Eu já descrevi Hercule Poirot em outras ocasiões. Um homenzinho extraordinário! (...) "Ordem" e "Método" eram seus deuses. Tinha certo desdém por evidências tangíveis, como pegadas e cinzas de cigarro, e sustentava que, por si só, nunca permitiriam que um detetive resolvesse um problema. Então batia em sua cabeça com formato de ovo com uma complacência absurda e comentava com grande satisfação: "O verdadeiro trabalho, é feito aqui dentro. Na massa cinzenta - lembre-se sempre da massa cinzenta, mon ami!"

Segundo romance protagonizado por Hercule Poirot, Assassinato no Campo de Golfe foi publicado inicialmente de forma serializada na Grand Magazine, de dezembro de 1922 a março de 1923, com outro título: A Garota de Olhar Ansioso. Em maio de 1923 o volume saiu como livro, pela editora The Bodley Head, já com o título atual, tendo sido bem recebido pela crítica.

Christie afirmou que a inspiração para esse livro veio de O Mistério do Quarto Amarelo, de Gaston Leroux (sim, o mesmo autor de O Fantasma da Ópera) - mais pela ambientação que pela linha narrativa propriamente dita. O curioso é que é impossível deixar de comparar Giraud, o detetive francês designado para o caso, com Sherlock Holmes. Poirot o contrasta com um cão farejador, uma imagem que Watson utiliza também para caracterizar seu amigo detetive. A fixação com cinzas de tabaco de Giraud também me fez rir loucamente, porque Holmes tem uma inteira monografia escrita sobre o assunto.
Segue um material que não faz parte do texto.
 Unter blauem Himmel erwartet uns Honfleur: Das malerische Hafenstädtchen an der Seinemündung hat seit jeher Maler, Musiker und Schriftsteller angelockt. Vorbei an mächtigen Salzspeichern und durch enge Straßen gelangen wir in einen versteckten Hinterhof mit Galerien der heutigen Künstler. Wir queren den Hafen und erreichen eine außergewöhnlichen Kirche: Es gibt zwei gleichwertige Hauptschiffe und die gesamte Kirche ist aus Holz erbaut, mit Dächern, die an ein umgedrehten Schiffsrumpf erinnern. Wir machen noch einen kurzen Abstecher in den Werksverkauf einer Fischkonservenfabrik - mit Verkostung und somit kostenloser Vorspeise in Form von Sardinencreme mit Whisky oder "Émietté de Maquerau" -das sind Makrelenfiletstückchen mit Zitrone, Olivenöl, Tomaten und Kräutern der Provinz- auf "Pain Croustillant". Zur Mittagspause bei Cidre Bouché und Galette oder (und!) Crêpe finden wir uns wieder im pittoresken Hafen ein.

Do meu ponto de vista, Assassinato no Campo de Golfe opõe os métodos de investigação da já renomada criação de Conan Doyle (que continuava à época a publicar os contos de Sherlock Holmes na Strand), firmado no estudo das evidências e avanços científicos, com o ainda recém-criado detetive belga, mais dado ao estudo psciológico dos investigados. Pessoalmente, acho uma competição sem sentido; ambos os métodos têm seu lugar, mas entendo aqui que a ideia seria satirizar um determinado arquétipo. Considerando que o próprio Poirot é pintado como ligeiramente ridículo em suas manias, não vou me doer pelas ironias com Holmes.

Enfim, com narração em primeira pessoa por Hastings, nossa aventura começa com uma viagem pelo expresso de Calais e termina em casamentos. Poirot é chamado para a França por um potencial cliente, mas, antes que possa se colocar a par do mistério, seu correspondente é encontrado morto, apunhalado num campo de golfe. Pelo caminho há ainda uma Cinderela em perigo, detetives rivais com métodos antagônicos, muitas conversas importantes ocorrendo em lugares nos quais podem ser convenientemente entreouvidas, e uma abundância desconcertante de pistas.
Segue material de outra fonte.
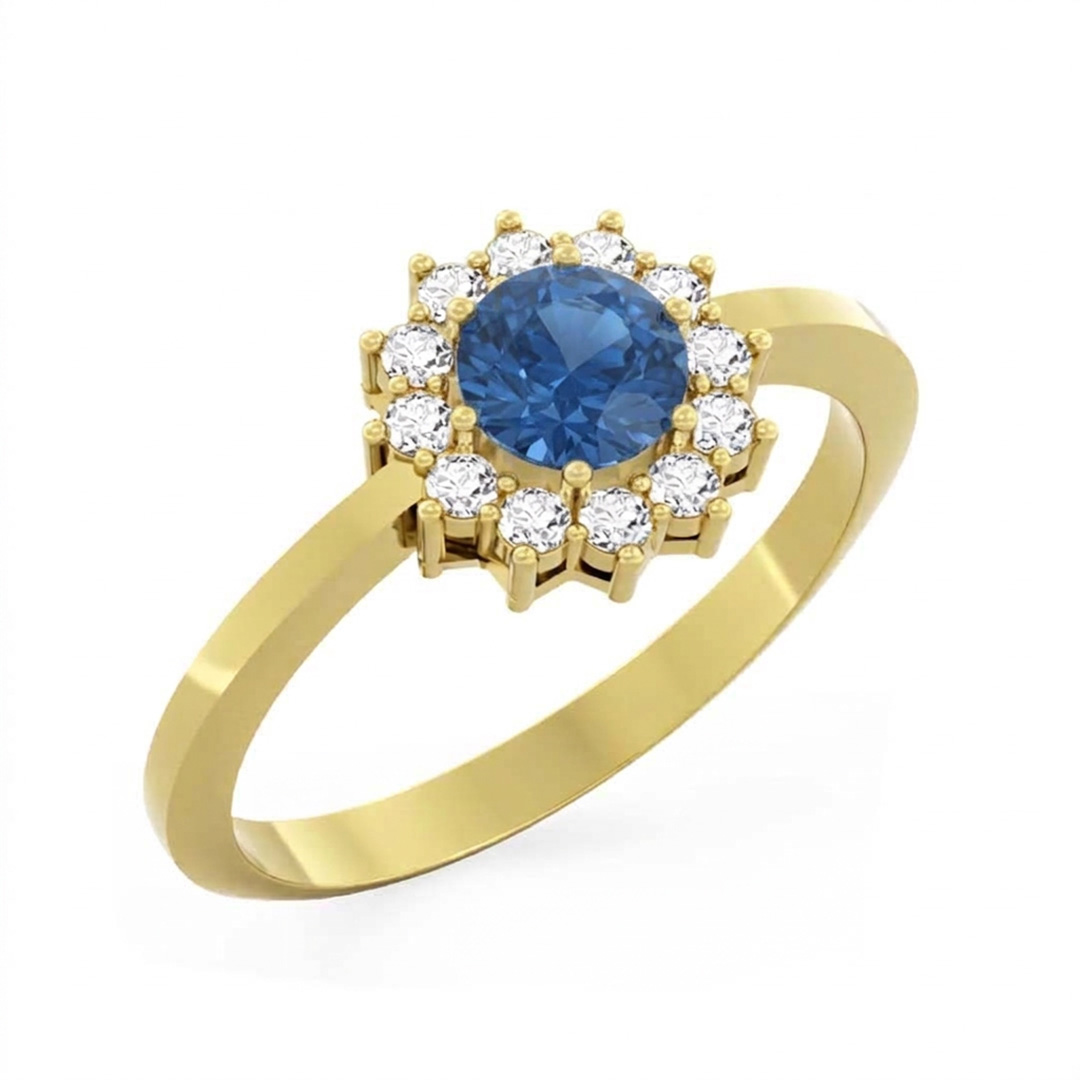 Popis produktu: Elegantní prsten Dion, žluté zlato s modrým zirkonem

A despeito de tantos engodos bem embrulhados, quando você volta no tempo e enxerga como as coisas se encaixam, faz sentido e é, sim, crível, por mais que o crime se sustente em uma cadeia de coincidências quase inacreditáveis. Você pode interpretar tais acasos como licença autoral, coincidências que fazem o enredo funcionar. No grande esquema das coisas, porém, não seria de todo errado encarar a sorte de se descobrir vizinho da última pessoa que você gostaria de rever na vida como justiça divina.
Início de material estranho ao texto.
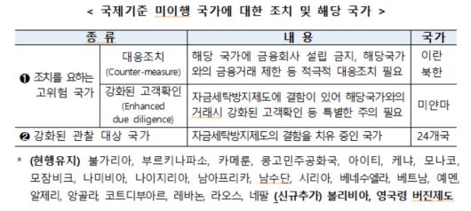 그 외 24개 국가는 강화된 관찰 대상 국가로 분류됐다. 불가리아, 부르키나파소, 카메룬, 콩고민주공화국, 아이티, 케냐, 모나코, 모잠비크, 나미비아, 나이지리아, 남아프리카, 남수단, 시리아, 베네수엘라, 베트남, 예멘, 알제리, 앙골라, 코트디부아르, 레바논, 라오스, 네팔 (신규 추가) 볼리비아, 영국령 버진제도 등 24개 국가는 자금세탁방지제도의 결함을 치유하는 국가다.

Enfim, eu acertei em parte a importância de algumas pistas e o papel de certos personagens. Mas me deixei enganar pelas circunstâncias, de forma que errei completamente meu palpite de quem seria o assassino. Quando se revelou a verdade, quase caí para trás na cadeira, eu não esperava nem de longe. Eu me daria meio ponto por ter sido mais esperta que Hastings (o que não é muito difícil…), e compreendido a relevância do sobretudo, do destinatário da carta ciumenta, a ausência de pegadas num canteiro e a adaga desaparecida, não fosse o detalhe de que nenhuma dessas pistas teria me impedido de condenar a pessoa errada.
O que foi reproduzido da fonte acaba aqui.